The team used CRISPR gene editing technologies to knock out the cytoglobin gene in zebrafish. The lack of cytoglobin caused the development of embryos with a mirrored heart, meaning the heart had a reversed left-right pattern. In humans, cytoglobin is involved in processes involving nitric oxide, a compound that helps regulate healthy blood flow to organs. Study co-senior author Mark T. Gladwin, MD, the John Z. and Akiko K. Bowers Distinguished Professor and Dean, University of Maryland School of Medicine, and Vice President for Medical Affairs, University of Maryland, Baltimore, has been researching the effects of nitric oxide on blood vessels for more than 20 years including in this recent study finding.
“Since its discovery two decades ago, cytoglobin has been found to be expressed in nearly all human tissues, but the mechanisms of how this protein functions were largely unknown,” said Dr. Gladwin. “We know that cytoglobin can play a role in modulating and maintaining nitric oxide levels, but our new finding indicates that it positively regulates NO production to ensure proper cilia function and its absence can lead to major laterality abnormalities of organs.”
To conduct the study, the research team knocked out the gene for cytoglobin in zebrafish and were amazed to see that it led to dramatic defects in the structure and location of organs in developing embryos. The heart, for example, was located on the right side of the fish instead of the left with a looping to the left instead of the right.
“We found that cytoglobin plays a vital role in the structure and function of tiny hair-like structures called cilia, which determine the asymmetry and proper development of organs,” said study senior author Paola Corti, PhD, Assistant Professor of Biochemistry and Molecular Biology at UMSOM.
This is the first time cytoglobin — or any of the globin proteins like hemoglobin — has been found to be involved in fetal development and that a paucity could be linked to birth defects. It’s also the first time that cytoglobin has been linked to cilia function. Such a finding could open the door for the development of therapeutics for rare birth defects that affect the movement of cilia.

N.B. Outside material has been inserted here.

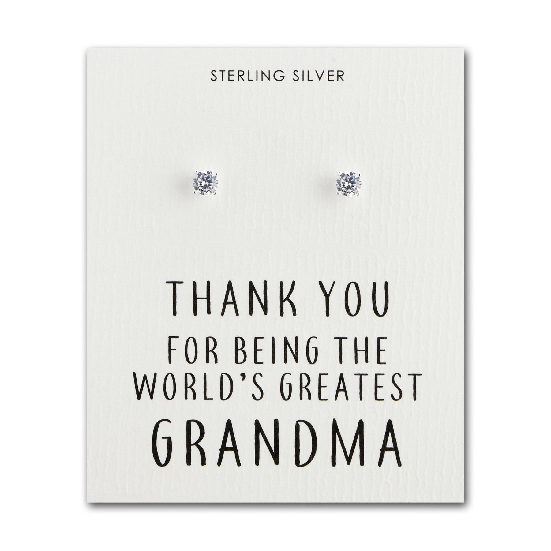 Sterling Silver World's Greatest Grandma Crystal Earrings

About 1 in every 10,000 to 30,000 people are born with Primary Ciliary Dykinesia (PCD), a rare disease that affects the cilia and can cause breathing issues from thickened mucus clogging airways. “Kartagener’s syndrome is a form of PCD and is known to cause the type of heart defects seen in the zebrafish where the heart is abnormally positioned to the right and rotated,” said Dr. Corti. “There is no cure for this condition, just surgery to fix any heart defects and treatments to manage symptoms.”
While certain genes have been identified that are known to cause about 70 percent of PCD cases, cytoglobin could play a key role in the 30 percent of cases with no known genetic cause.

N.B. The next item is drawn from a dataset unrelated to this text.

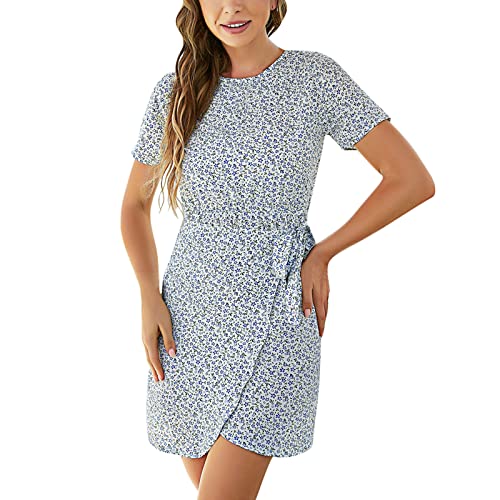 Abito estivo da donna, comodo, con stampa floreale, scollo a V, maniche corte, elastico in vita, casual, per donne e ragazze, Blu, L

“We found the phenotype and connected the dots to cilia. In the presence of cytoglobin, we could track the function of the protein and how if led to proper cilia function and organ development. In the absence, we saw these defects,” said Elizabeth Rochon, PhD, first author of the study and Assistant Professor of Medicine at UMSOM.
Funding for the study was from the National Institutes of Health, the American Heart Association, and the Institute for Transfusion Medicine and the Hemophilia Center. UMSOM faculty co-authors include Anthony W. DeMartino, PhD, Assistant Professor of Medicine, and Qinzi Xu, MD, Assistant Professor of Medicine.
Other co-authors included faculty at the University of Pittsburgh School of Medicine and the University of Copenhagen in Denmark.